CAPTCHA22 was tested on two GPU-enabled Tensorflow rigs with the following specifications:

| | Rig 1 | Rig 2 |
| ------------------ | ----------------- | ---------------- |
| **Graphics Card** | GeForce GTX 1650 | GeForce GTX 960 |
| **OS** | Ubuntu 16.06 | Ubuntu 16.04 |
| **Cuda Lib** | Cuda 10.0.130 | Cuda 9.1.1 |
| **cuDDN Lib** | cuDNN 10.0 | cuDNN 7.0 |
| **Tensorflow** | Tensorflow 1.10.1 | Tensorflow 1.4.1 |

*For assistance on any issues in CAPTCHA22 itself, please log an issue.*

## Contributing

See [`CONTRIBUTING.md`](https://github.com/FSecureLABS/captcha22/CONTRIBUTING.md) for more information.

## License

MIT License

Copyright (c) 2020 F-SECURE

Permission is hereby granted, free of charge, to any person obtaining a copy of this software and associated documentation files (the "Software"), to deal in the Software without restriction, including without limitation the rights to use, copy, modify, merge, publish, distribute, sublicense, and/or sell copies of the Software, and to permit persons to whom the Software is furnished to do so, subject to the following conditions:

The above copyright notice and this permission notice shall be included in all copies or substantial portions of the Software.

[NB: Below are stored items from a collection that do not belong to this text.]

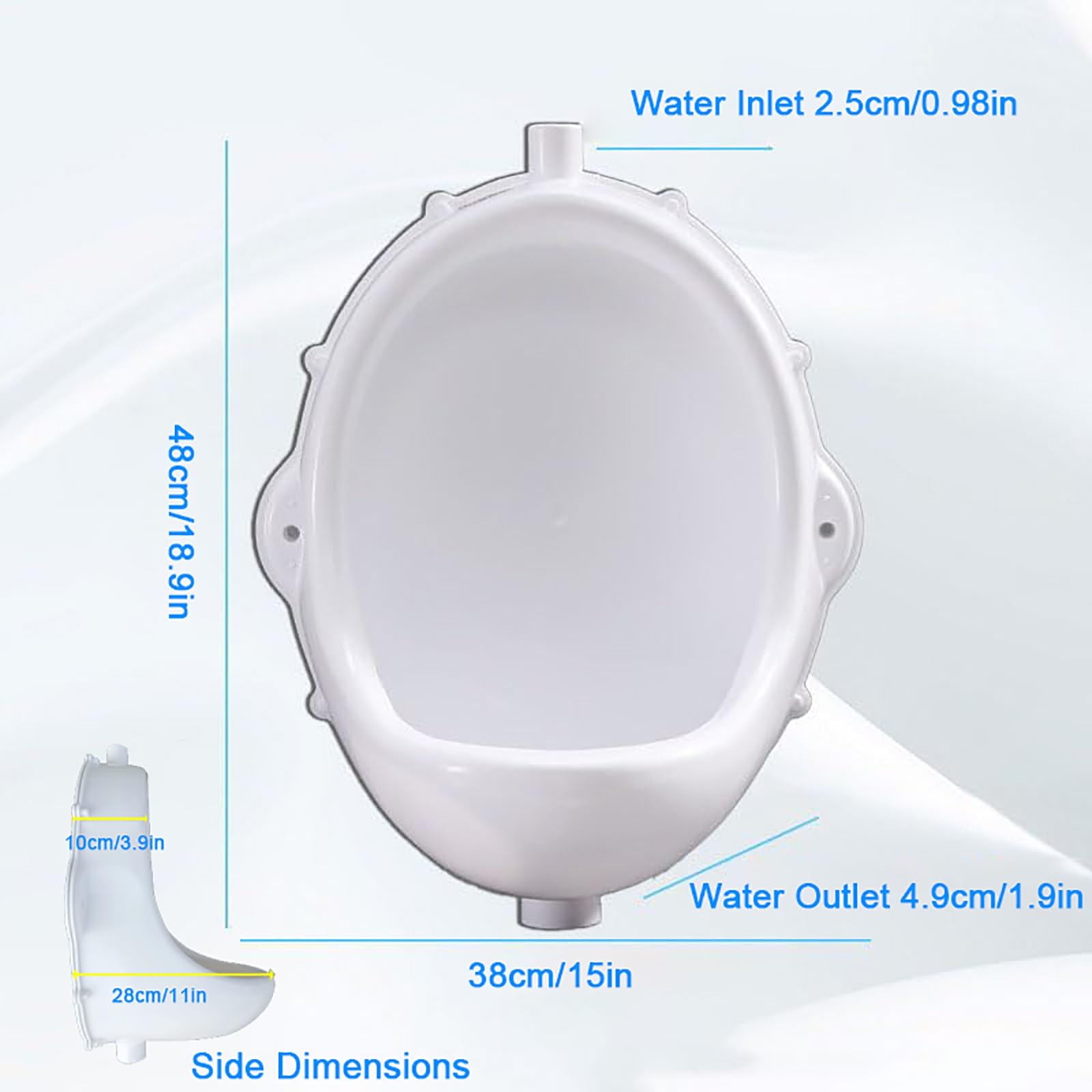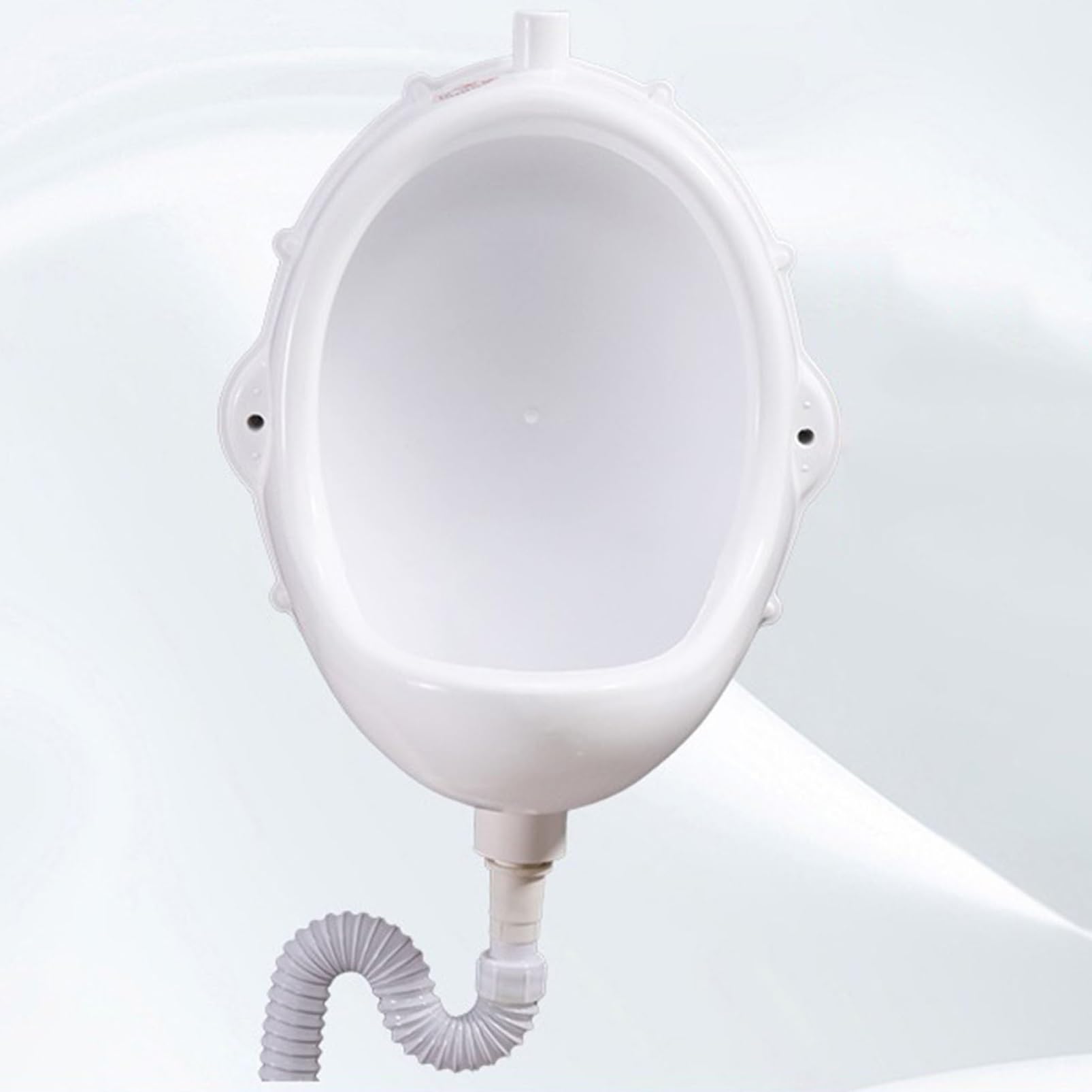 Simple plastic urinal, wall-mounted men's urinal, outdoor toilet, temporary urinal, portable urinal tray, waterless urinal with water pipe The men's urinal is made of thickened plastic material, with a sturdy and overall structure that tipping, ensuring a long service life. The interior walls of the portable urinal are smooth, easy to clean and maintain, and do not retain residues. The natural curved design ensures thorough cleaning with no spots. The bottom features a 32mm-wide drainage port for smoother drainage, and is equipped with a clog-resistant filter to effectively prevent pipe blockages and odor backflow. The outdoor urinal can be connected to a flush valve for efficient rinsing; it can also be used as a waterless urinal to help conserve water. The waterless urinal is equipped with a drain pipe for quick drainage, allowing urine to be effectively collected, managed, or safely discharged outdoors. Name: Waterless Urinal Material: PP Plastic Color: White Dimensions: 48×38×28 cm (18.89 inches × 14.96 inches × 11.02 inches) Drainage pipe length: 61 cm (24.01 inches) Installation method: Wall-mounted with drilling/no drilling required Application scope: Homes, schools, prisons, hospitals, construction sites, hotels, bushes, lawns, station service areas, and other public restrooms Packaging list: Urinal, drainage pipe, flush valve
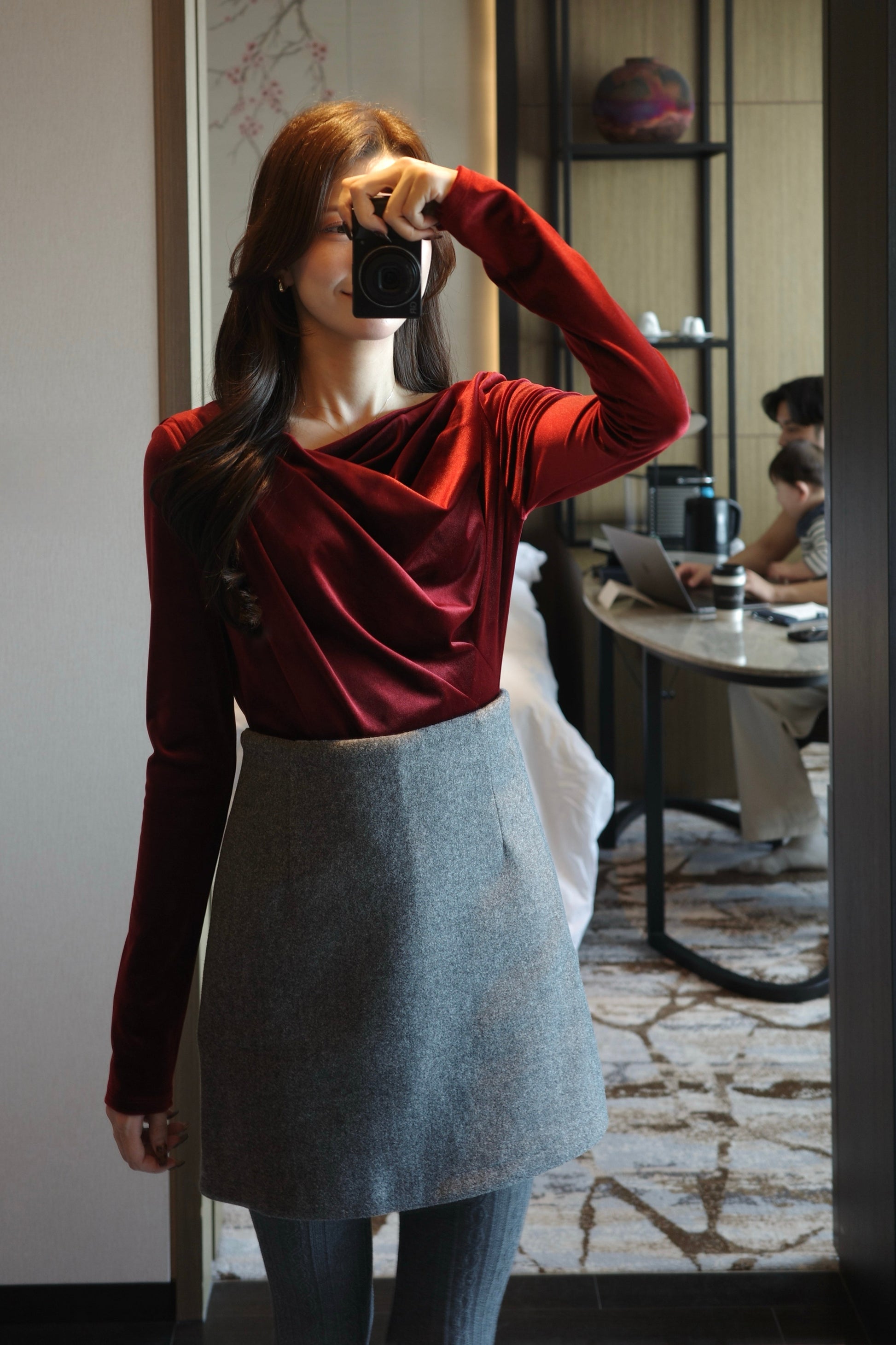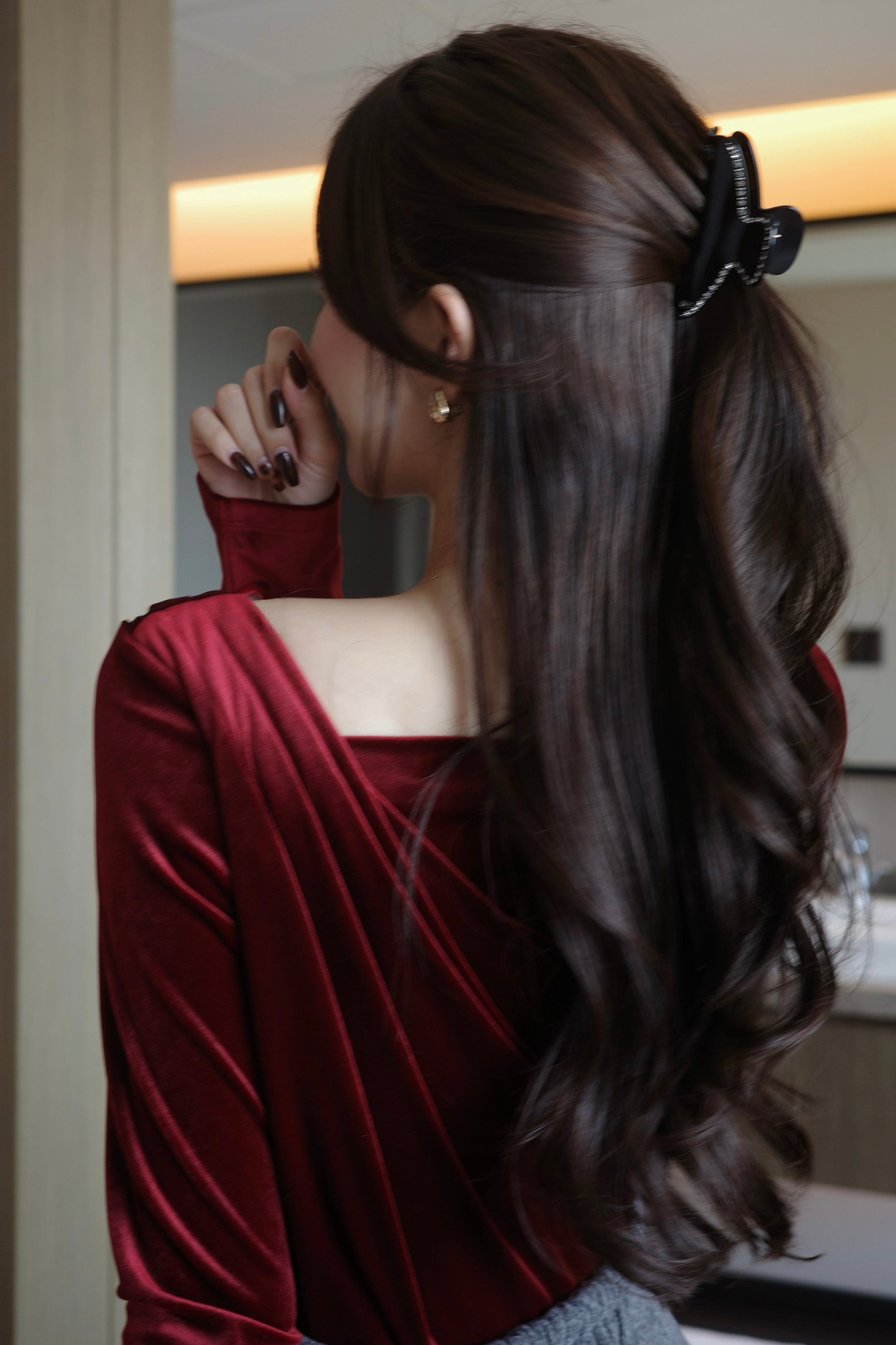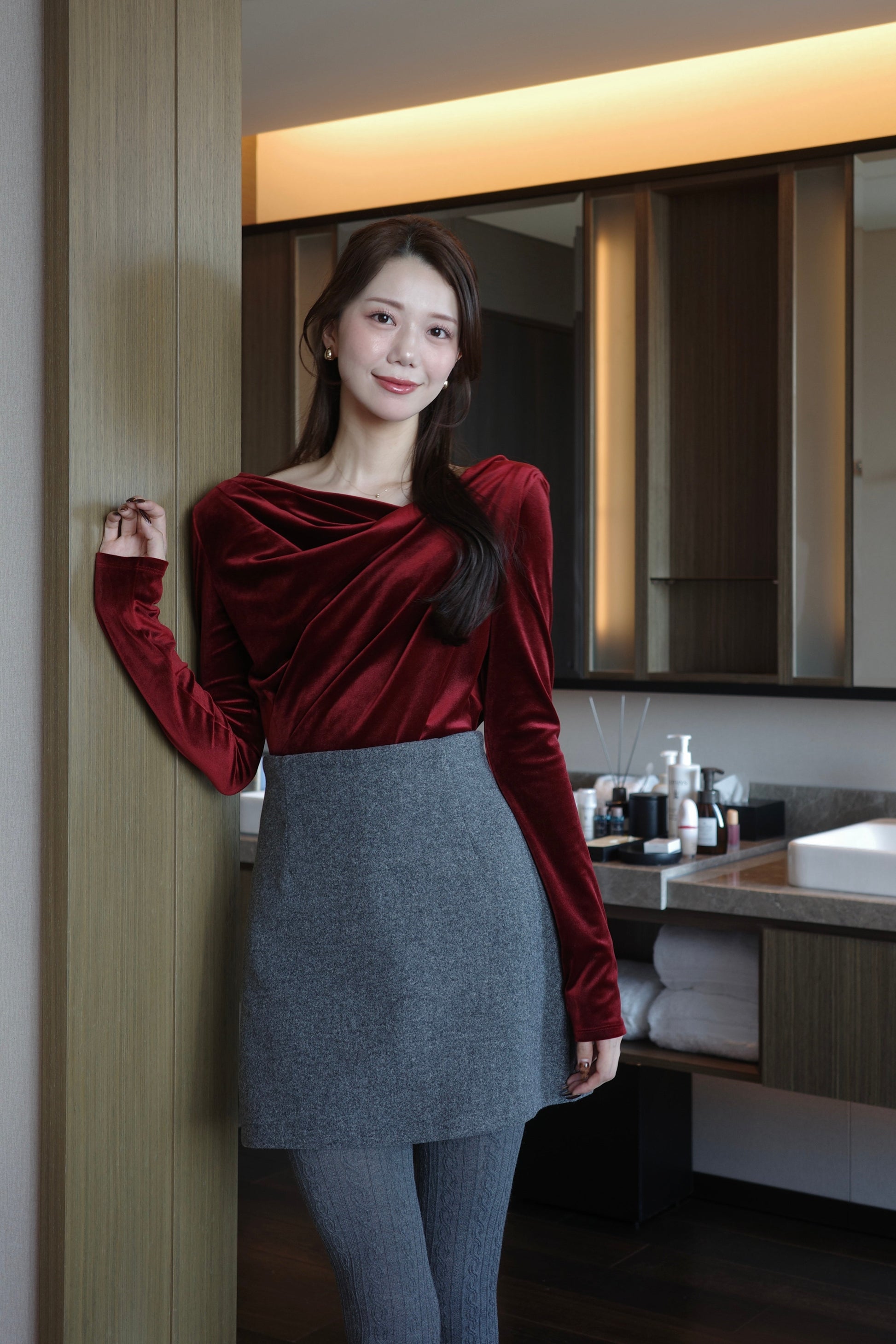 落ち感のあるベロアが動くたびに柔らかなドレープを描き、女性らしさと品のある華やかさを演出。
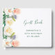 En gäst bok för en romantisk 50:e (eller någon ålder) födelsedagsfest. Dekorerad med stora, lush vattenfärgade sommarblommor, blommigt rosor och peonier i vitt, korall och ro guld. Chicens vita bakgrund. Titeln: Gäst Bok är skriven med ett modernt handskript i stil. Grönt färgad brev. Rygg: lägg till din egen text, grönt brev Bakåt: vit bakgrund och blommor.
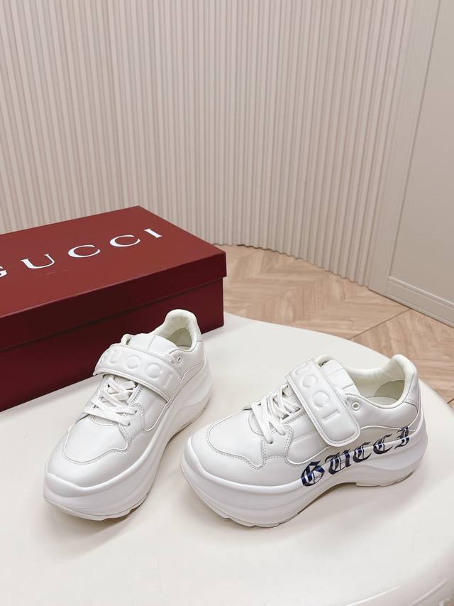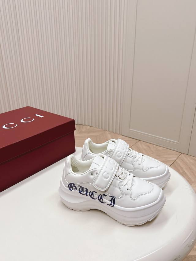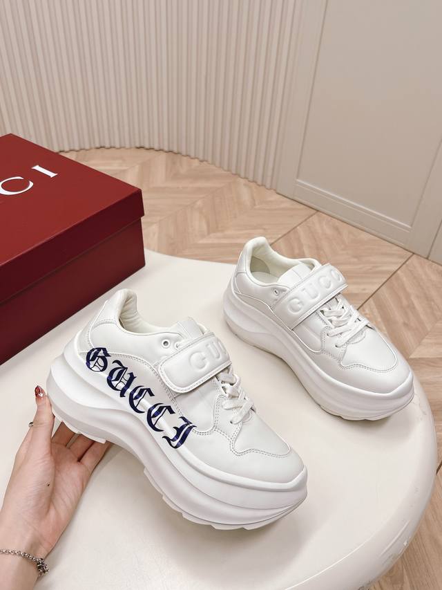 / 出厂 ,高版本! Gucci古驰24新款魔术贴老爹鞋 目前最火的老爹鞋 经典升级加魔术贴 标配了 太绝了 5Cm鞋底,矮个子欢乐鞋牛皮打造 Eva发泡大底,码数
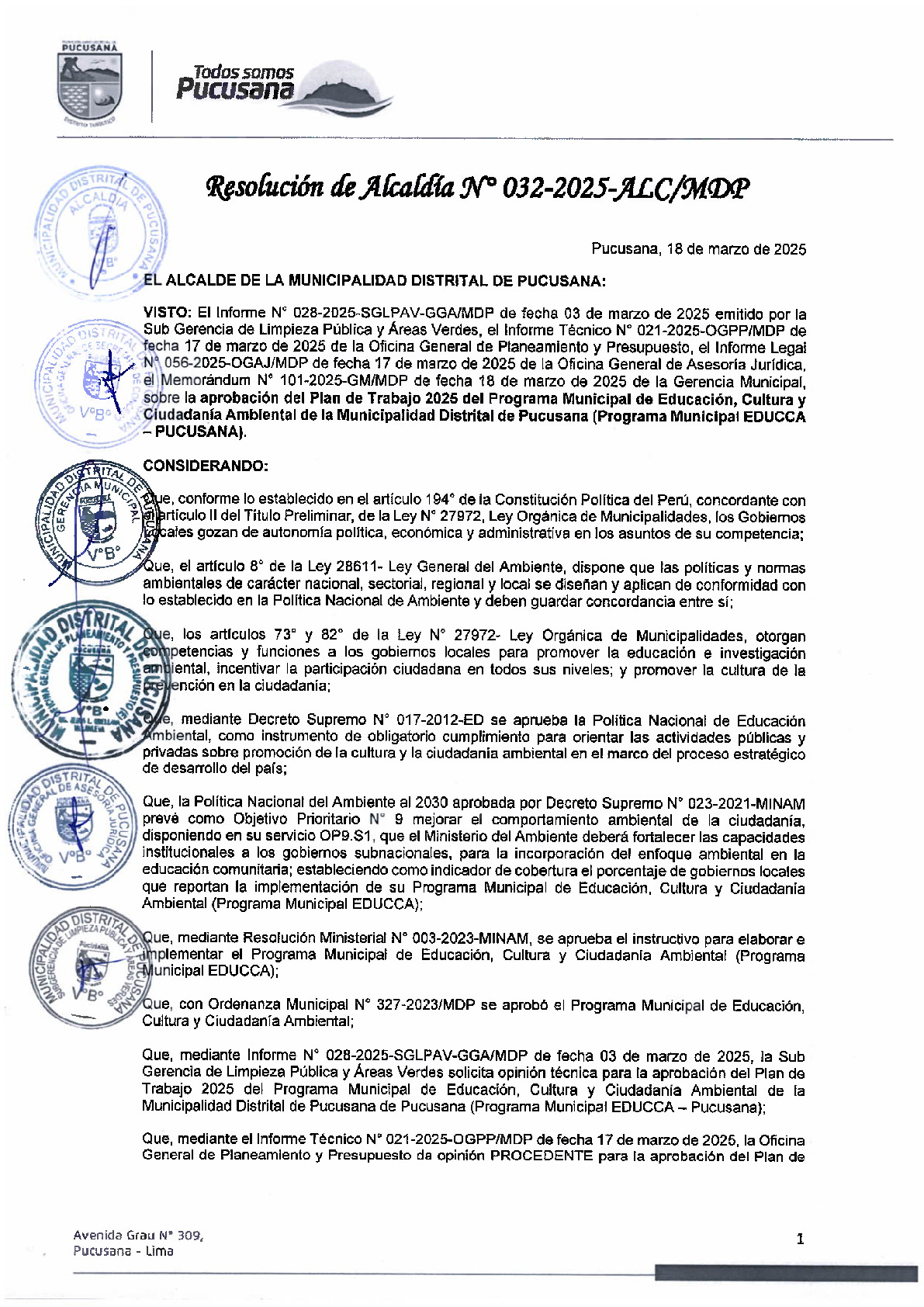 La presente Resolución de Alcaldía aprueba el Plan de Trabajo 2025 del Programa Municipal de Educación, Cultura y Ciudadanía Ambiental de la Municipalidad Distrital de Pucusana (Lima Metropolitana), con la finalidad de definir las actividades de educación, cultura y ciudadanía ambiental que se desarrollaran en la localidad durante el presente año.
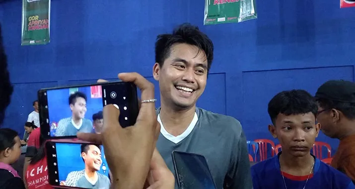 Tontowi Ahmad usai melakukan pertandingan persahabatan dalam Festival Bulu Tangkis Kendari di GOR Apriyani Rahayu (Bima/ZONASULTRA.ID)
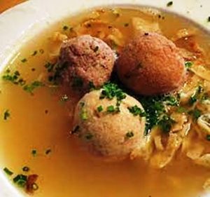 Un joli petit nom pour un joli petit plat. Enfin on parle plutôt d’une entrée. Cette soupe aux boulettes de semoule avec des lamelles de crêpes salées ou des knödel à base de foie n’est certes pas très légère mais la cuisine autrichienne n’est pas connue pour sa valeur diététique et c’est tant mieux.

THE SOFTWARE IS PROVIDED "AS IS", WITHOUT WARRANTY OF ANY KIND, EXPRESS OR IMPLIED, INCLUDING BUT NOT LIMITED TO THE WARRANTIES OF MERCHANTABILITY, FITNESS FOR A PARTICULAR PURPOSE AND NONINFRINGEMENT. IN NO EVENT SHALL THE AUTHORS OR COPYRIGHT HOLDERS BE LIABLE FOR ANY CLAIM, DAMAGES OR OTHER LIABILITY, WHETHER IN AN ACTION OF CONTRACT, TORT OR OTHERWISE, ARISING FROM, OUT OF OR IN CONNECTION WITH THE SOFTWARE OR THE USE OR OTHER DEALINGS IN THE SOFTWARE.